Hi, my name is Breanna and I am the daughter of two therapists. I feel like it’s a disclaimer I should introduce myself with. “Forgive me while I analyze your continual need for affirmation, but did you have an absent father?” I joke that growing up in our house was similar to a never-ending group therapy session. Dinner table discussions could be intimidating for the “non-overcommunicating therapist” visitors. For me counseling was just a part of life. Everyone I knew went to counseling, even the counselors! It was natural and normal. Helpful and graceful.
But then I became an adult. I often find myself in situations asking “have you ever thought about seeing a counselor?” Nine times out of ten, the question is followed by a series of:
“Oh I don’t need that,”
“It’s just an off day,”
“I can’t afford it,”
“I don’t know where to go”,
or some variation of that.
It has taken me a long time to get used to these responses. There are people in my life, whom I love and adore, who are in broken hurting relationships. It’s so hard to sit down and hear these excuses when you love someone and want the best for them. There are a lot of stigmas against counseling, against asking for help, against admitting the need for help. I asked my dad, Matt Barnhill, to share with me his thoughts about these stigmas and it was too good not to share.
In over 33 years of counseling I have seen two ends of the continuum. There are the couples who say “we have our attorney, our trainer, our accountant, our therapist…” and it is considered a normal essential part of life. Sometimes it’s a prideful thing but most times, it’s simply a smart thing. The most successful people in business will tell you – know your weaknesses and surround yourself with people who are smarter and wiser than you. Continually seek guidance and growth and never settle.
And then there is the other side of the spectrum.
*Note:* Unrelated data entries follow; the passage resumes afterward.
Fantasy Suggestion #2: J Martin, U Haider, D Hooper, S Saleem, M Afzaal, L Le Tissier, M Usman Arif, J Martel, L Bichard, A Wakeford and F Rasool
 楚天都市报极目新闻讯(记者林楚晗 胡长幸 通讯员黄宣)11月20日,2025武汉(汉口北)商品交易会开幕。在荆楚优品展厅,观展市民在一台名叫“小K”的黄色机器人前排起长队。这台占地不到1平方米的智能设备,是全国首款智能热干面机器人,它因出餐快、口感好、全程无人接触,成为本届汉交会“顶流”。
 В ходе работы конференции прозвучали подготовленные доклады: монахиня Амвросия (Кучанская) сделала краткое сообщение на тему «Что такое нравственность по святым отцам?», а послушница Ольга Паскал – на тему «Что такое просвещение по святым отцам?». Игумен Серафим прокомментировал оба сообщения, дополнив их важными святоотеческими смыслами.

Those who have anxiety and embarrassment about having to ask for help. “I don’t want anyone to know I’m getting help or that I need help”. They believe they are capable of fixing it – and everything – by themselves. This belief system – that I should be able to fix it myself – implodes on them.
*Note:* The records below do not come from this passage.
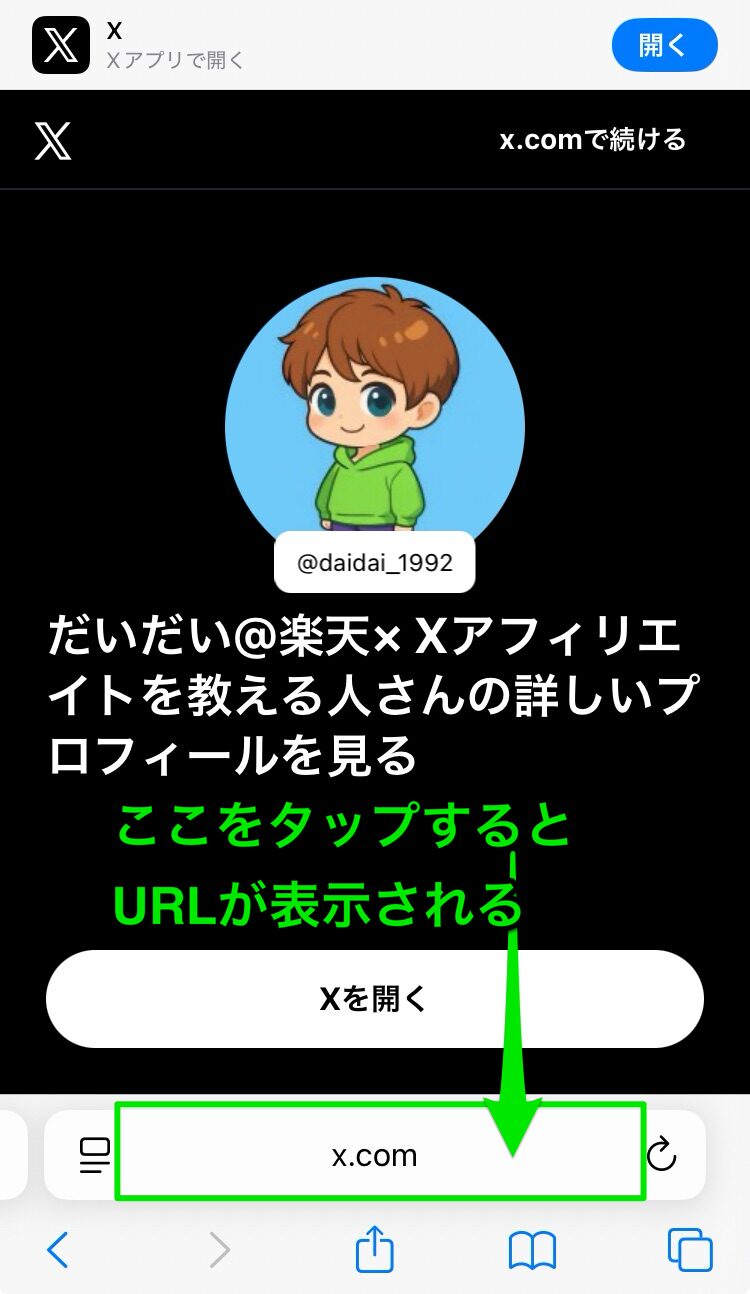 1位:Xのプロフィール(例:https://x.com/daidai_xaffiliate)
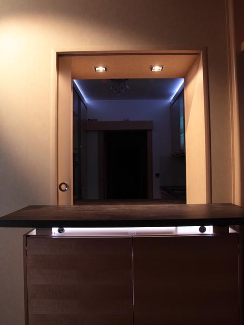Da die Küche mit Arbeitsplatte hinter der Theke liegt, können aus der Küche Speisen und Getränke gereicht werden und zugleich kann die beliebte Küchenparty mit der Coktailparty kombiniert werden. Bei dem Herausfahren der Thekenplatte kommt ein darunterliegender Korpus mit satinierten Glasschiebetüren zum Vorschein. In diesem Staufach lassen sich Kleinigkeiten wie z. B. Servietten, Strohhalme und Untersetzer verstauen. Ebenfalls wurde hier ein Miniregal für Fernbedienung der Haustechnik untergebracht.
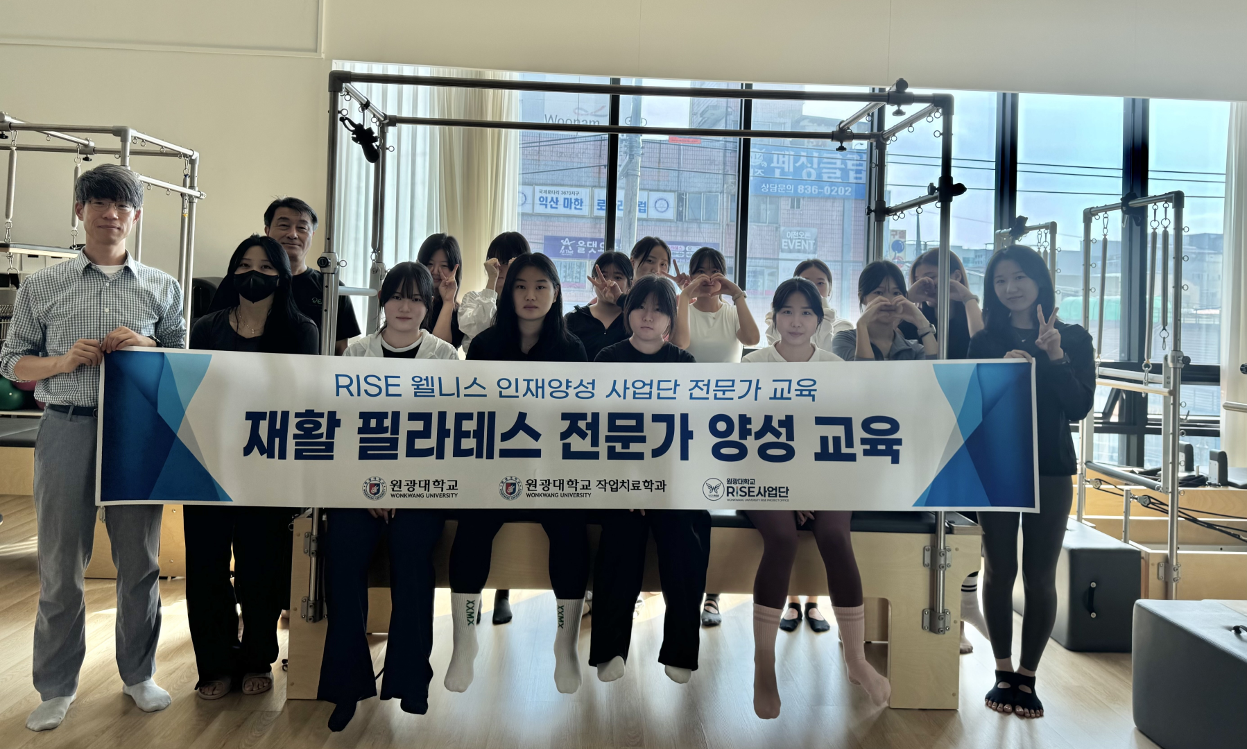 원광대학교 작업치료학과는 RISE 웰니스 인재양성 사업 지원과 리앤리 필라테스와 연계 과정을 통해 2025년 “재활 필라테스 전문가 교육”을 진행중이다. 프로그램은 매트 필라테스와 기구 필라테스로 구성되어 노인 및 장애인의 건강 관리를 위한 전문가 양성 과정으로 이루어진다. 재활 필라테스 전문 강사의 지도와 교육으로 작업치료학과 2~4학년 학생들이 참여 중으로 교육 후 전문 자격증 취득으로 이어지는 전문 과정이다.
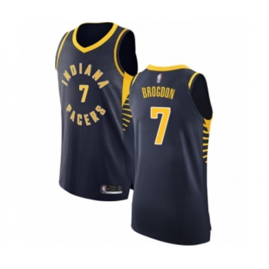 >Men's Indiana Pacers #7 Malcolm Brogdon Authentic Navy Blue Basketball Jersey - Icon Edition
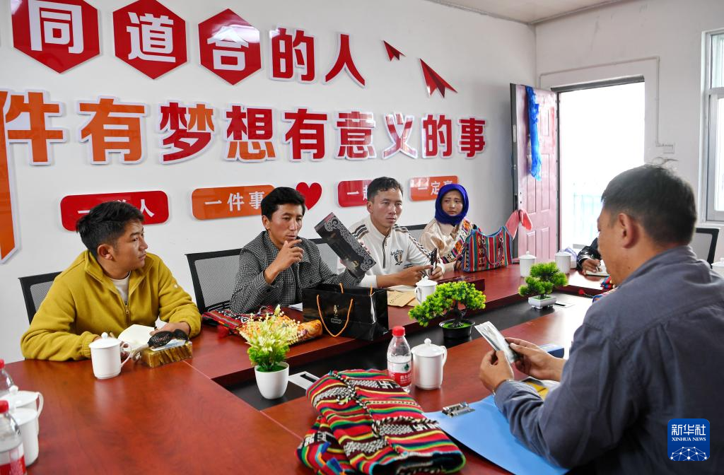 倉秋多吉(左二)和團隊核心成員商討產品銷售提升策略(8月24日攝)。新華社記者 張汝鋒 攝
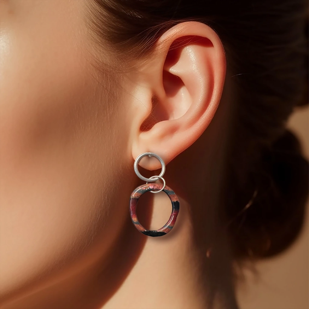 Bu göz alıcı küpe, reçine kaplı polimer kil ve cerrahi çelikten üretilmiştir. Modern ve şık tasarımıyla dikkat çeken bu iğneli küpe, her türlü kıyafetle mükemmel bir uyum sağlar.
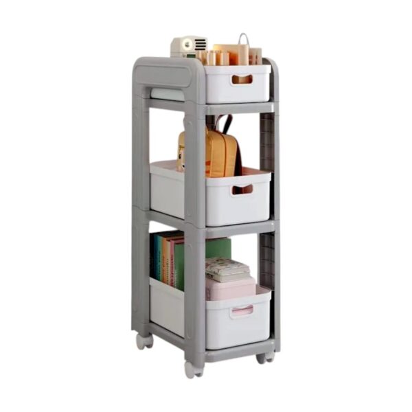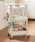 Εργονομικός σχεδιασμός για εξοικονόμηση χώρου και εύκολη καθημερινή χρήση, με ράφια μεγάλης χωρητικότητας και περιστρεφόμενες ρόδες 360° με στοπ ασφαλείας.
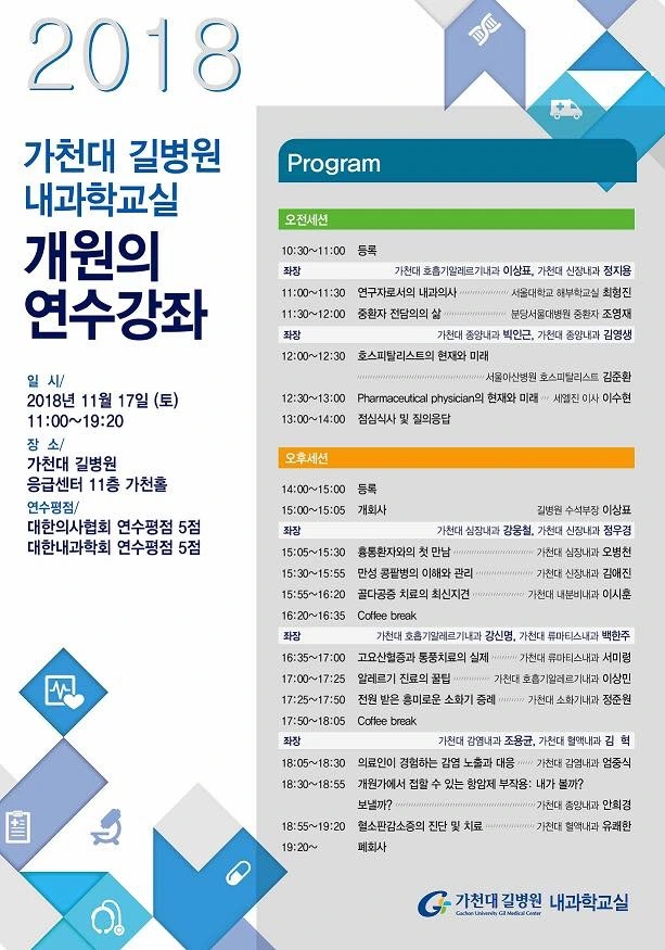 18년 11월 17일 토요일에 가천대 길병원에서 병원 내 새로운 직종인 입원전담전문의(호스피탈리스트)를 소개할 기회를 주셨습니다.혹시 시간되시는 선생님들은 오셔서 이야기 나눌 수 있으면 좋겠습니다.
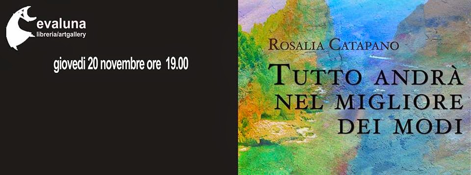 Giovedi 20 novembre presso la libreria artgallery Evaluna in Piazza Bellini, 72 Napoli sarà presentato il nuovo romanzo di Rosalia Catapano “Tutto andrà nel migliore dei modi”, che svela il misterioso passato di Raùl Ortega, il giovane e inquieto stilista barcellonese protagonista di “SOLO NINA”, il primo romanzo della Catapano.Con l’autrice ne parleranno Francesca Gerla e Chiara Tortorelli. Letture a cura di Giuliana Gaudyer.

It’s as simple as, if your kid needs help with math, you hire a math tutor. If your pipes burst, you hire a plumber. We need help with relationships in the same way. If you never learned to resolve conflict or to communicate – you hire someone who can teach you. We have no problem browsing the aisles of Barnes and Noble picking up decorating how-to books, recipe books, and self-help books. So why do we let our pride get in the way? Why are we settling in less than great marriages, when we don’t have to? You have a choice.